Although it must be emphasized that this trial was not powered to assess a difference in OS or EFS between the treatment arms, it is nonetheless noteworthy that there was no statistical difference in OS or EFS between the two NAC regimens. In the intention to treat population (n=227), the HR comparing ddMVAC to GC was 0.86 (95% CI: 0.59–1.26; P=0.44) for EFS and 0.87 (95% CI: 0.54–1.40; P=0.57) for OS. The last date of contact was used as the censoring date instead of last date of disease assessment, which could lead to some inaccuracy in the assessment of EFS. The results of S1314 need to be viewed in comparison to those of the prospective randomized VESPER trial in 437 patients with MIBC which demonstrated better 3-year progression-free survival (PFS) in patients treated with 6 cycles of neoadjuvant ddMVAC (66%) compared to 4 cycles of neoadjuvant GC (56%, HR =0.70; 95% CI: 0.51–0.96, P=0.025) (10). Other than the much larger sample size, the use of 4 versus 6 cycles of ddMVAC may explain some of the differences between the trials.

Although the COXEN algorithm did not predict outcome of NAC, biospecimens from the same trial have been used to test the impact of other candidate predictive biomarkers in this context. One important example is an exploratory study of plasma cell free DNA (cfDNA) methylation using the Infinium MethylationEPIC BeadChip array (Illumina, San Diego, CA, USA) on blood samples collected from 72 patients before and after one cycle of NAC with either GC or ddMVAC (12). In this study, the authors generated a classifier predictive of treatment response based on differential methylation between responders (≤ ypT1N0) and non-responders. Their “methylation-based response score” (mR-score) was predictive in samples taken before NAC and in those taken after the first cycle of NAC. They also used novel methods built on tissue-specific methylation patterns to estimate the fraction of cfDNA that originated from the bladder and identified a correlation between this parameter and response to NAC. By combining circulating bladder DNA fraction and mR-score, the authors were able to predict pathologic response (≤ pT1N0) correctly in 45 (79%) of 57 patients (12). The results of this exploratory analysis will require validation in larger cohorts. It remains to be seen if the authors will also report on the utility of circulating tumor (ct)DNA to predict response to NAC. Recent publications suggested that detection of ctDNA before NAC and persistence of ctDNA after NAC are predictors of poor outcome (13,14).

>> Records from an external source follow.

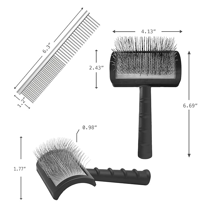 - PERFECT HAIR REMOVAL AND GROOMING SET: The NeatHoiho grooming set includes a slicker brush and a heavy-duty metal comb , so you can groom your dog or cat with comfort at home.The slicker brush and comb set is perfect for keeping short or long hair clean and tangle-free, as well as for removing dirt and dander from pets with sensitive skin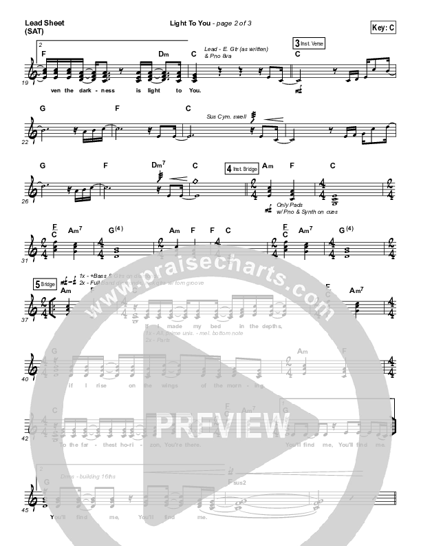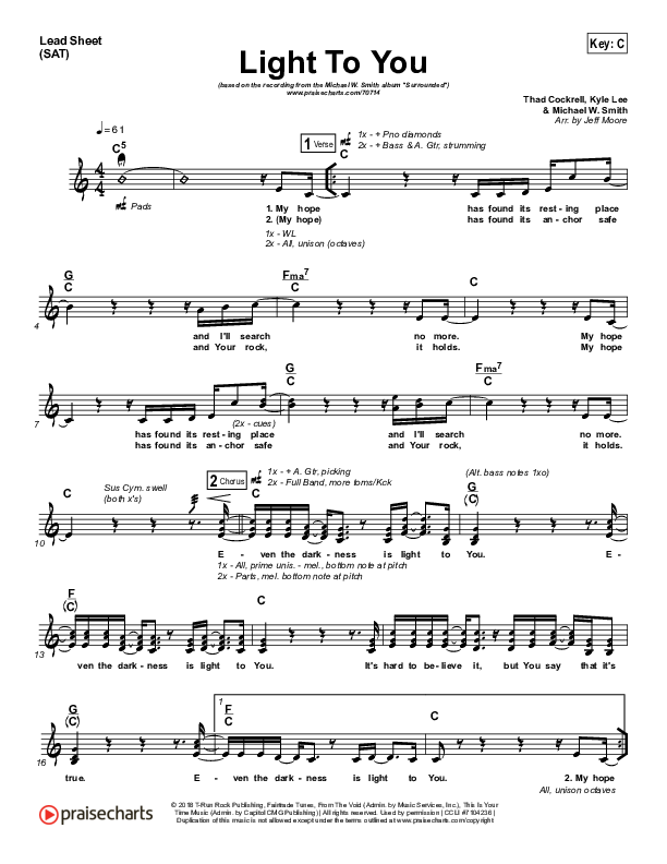 Download the sheet music for Light To You by Michael W. Smith, from the album Surrounded. This song was arranged by Jeff Moore in the key of C, G.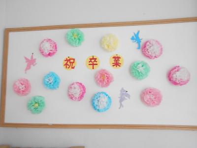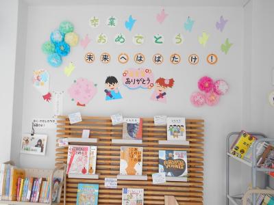 3/4(木)図書ボランティアさんが、図書館を卒業向けの飾りでいっぱいにしてくださいました。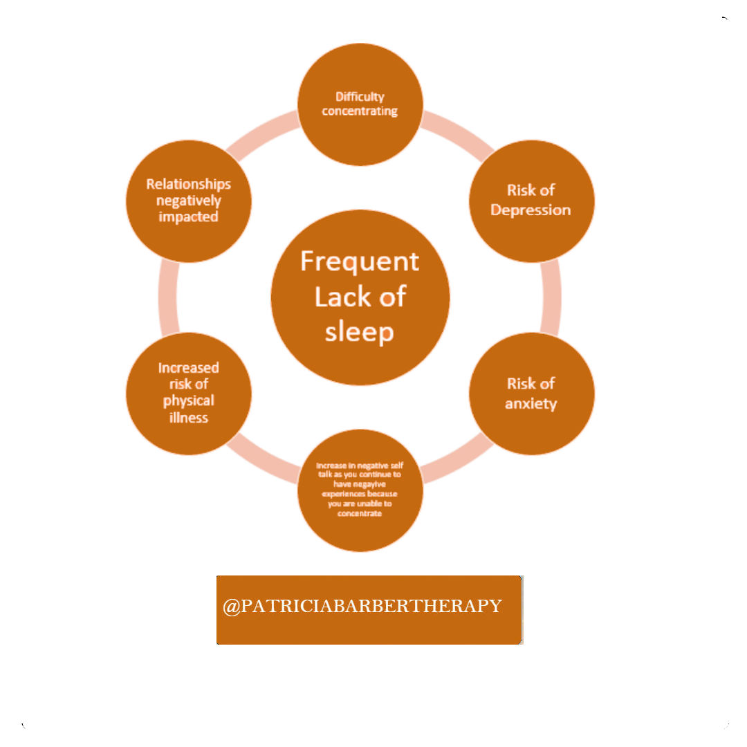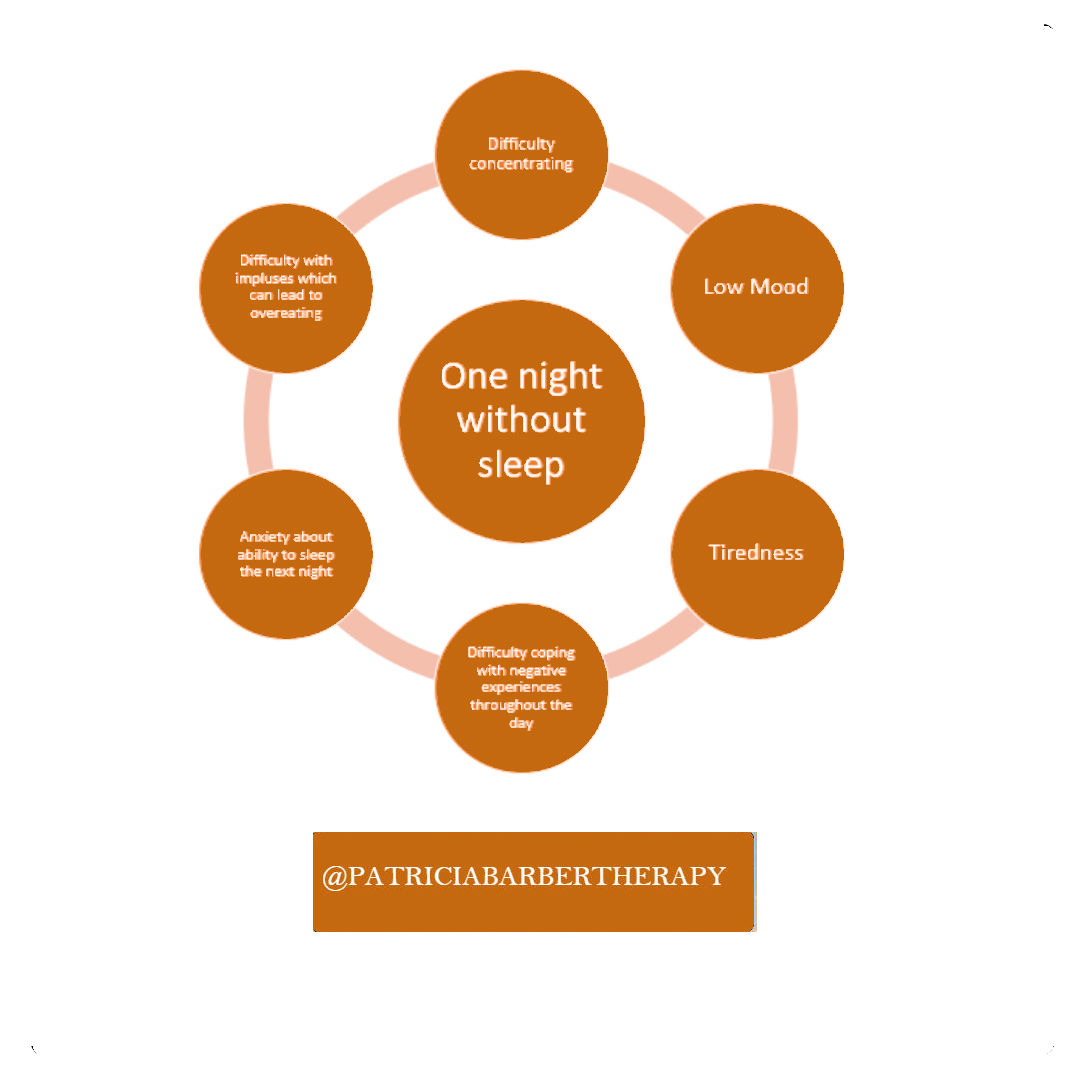 Figure 2 shows the impact of a frequent lack of sleep on our physical and mental health. This includes a higher risk of depression, anxiety and physical illness. The impact of a frequent lack of sleep would appear to permeate across all aspects of an individuals well being and for this reason sleep is an important component of working together in therapy.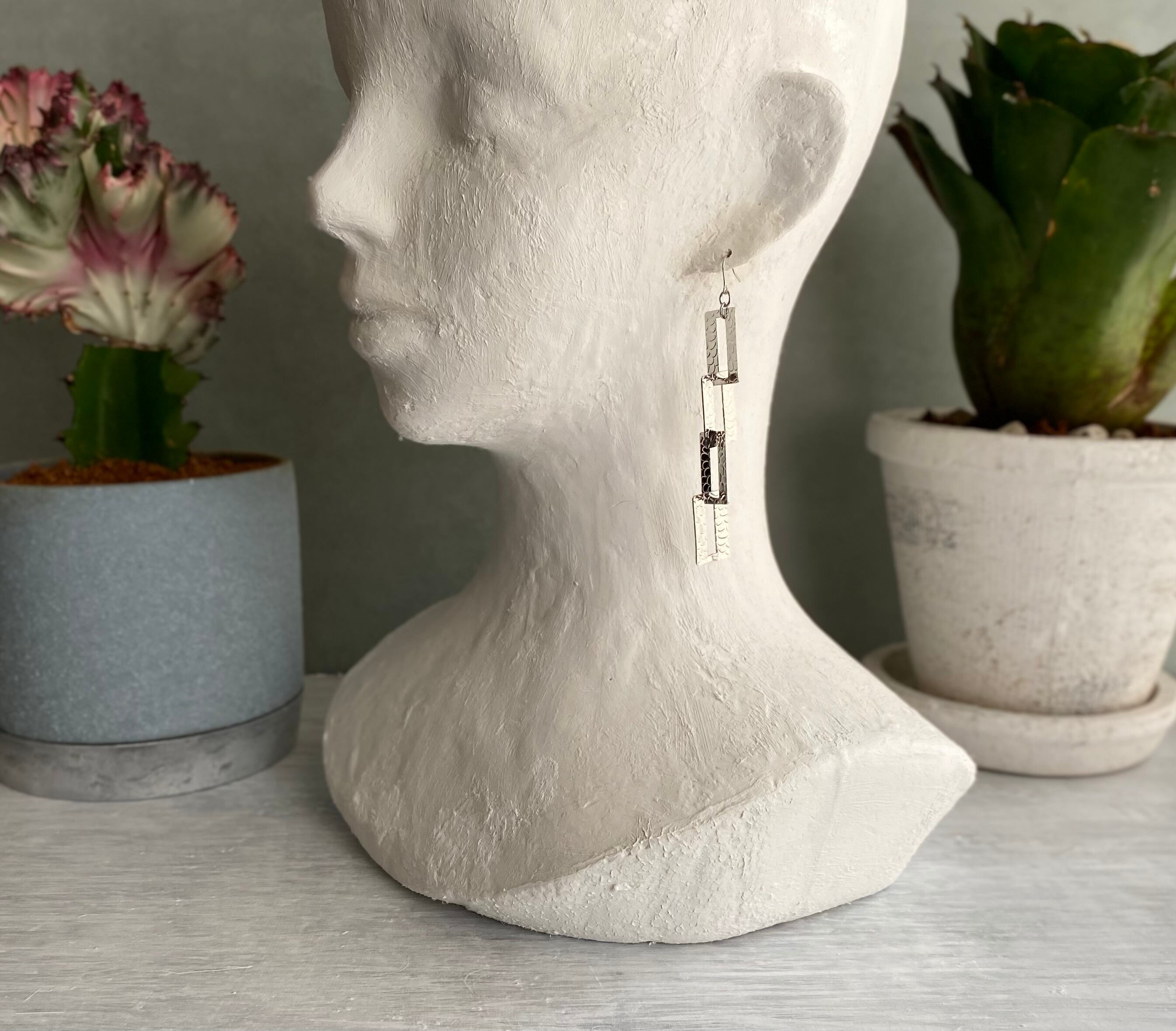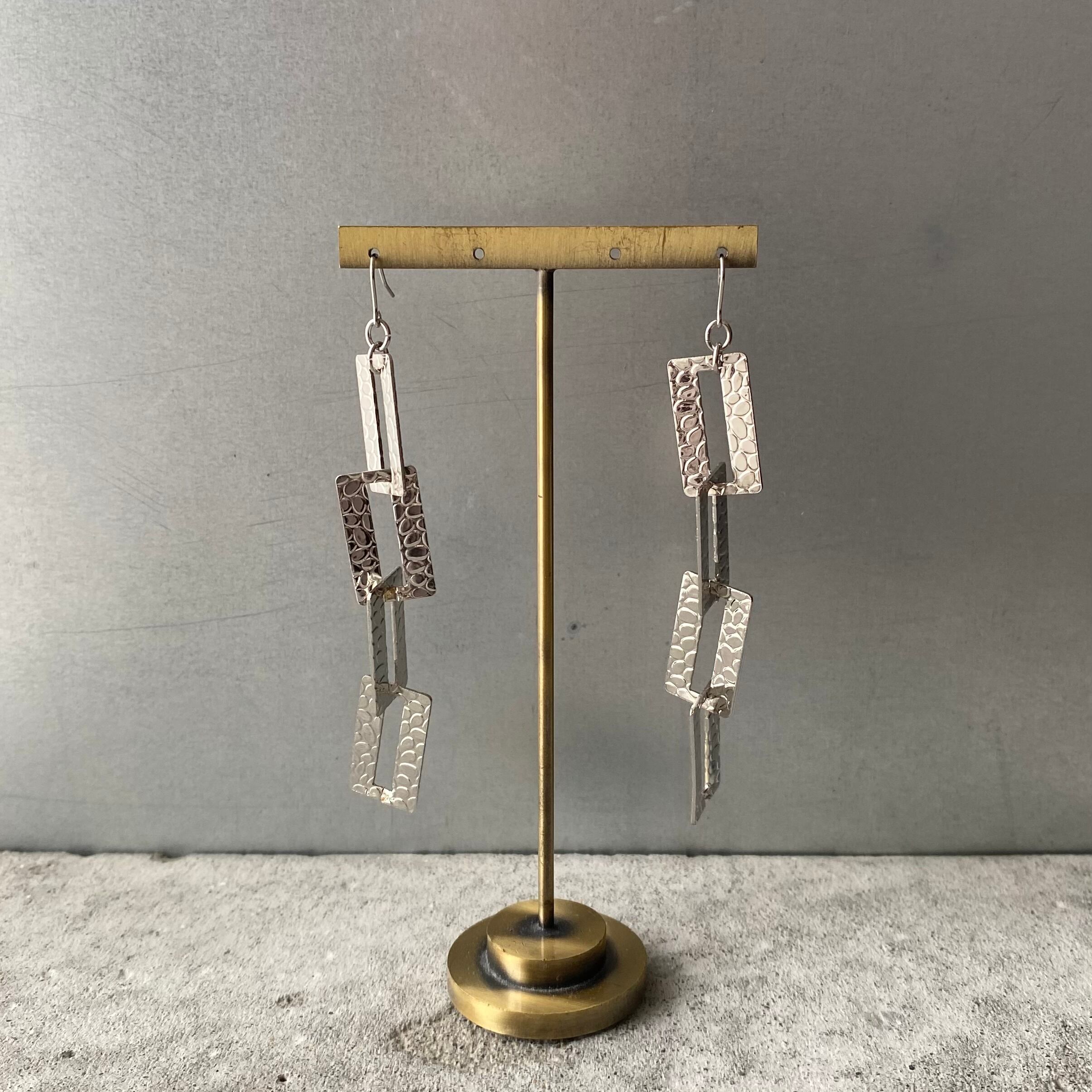 スタイリッシュなデザインのUSAヴィンテージピアス。レザー風テクスチャー入りの個性的なチェーンが揺らめき、コーディネートにお洒落な雰囲気をプラスしてくれます。

The same transcriptomic microarray data that were used to assign COXEN scores was also used to assign RNA-based molecular subtypes (15). The authors tested three different classifiers [The Cancer Genome Atlas (TCGA), the MD Anderson, and the Consensus classifiers] and condensed the TCGA and Consensus models into three subtypes. The condensed TCGA classifier consisted of basal-squamous/neuronal, luminal, and luminal infiltrated, and the condensed consensus classifier included basal-squamous/neuroendocrine, luminal, and stroma-rich (15). The results were somewhat discrepant between the models, and none of the models were able to predict complete response (ypT0) or downstaging (ypT2) after NAC (15). The subtype classifiers did not correlate with PFS or OS. Similarly, subtyping of 296 patients from the VESPER trial according to the Consensus classifier did not correlate with pathological response (16). A critical limitation of both analyses is the lack of comparison to a cohort of patients who were not treated with NAC. This leaves us unable to determine whether NAC is associated with a survival benefit compared to patients treated without NAC specifically in one or more subtypes. Prospective trials will determine the clinical utility of molecular subtyping in the neoadjuvant setting.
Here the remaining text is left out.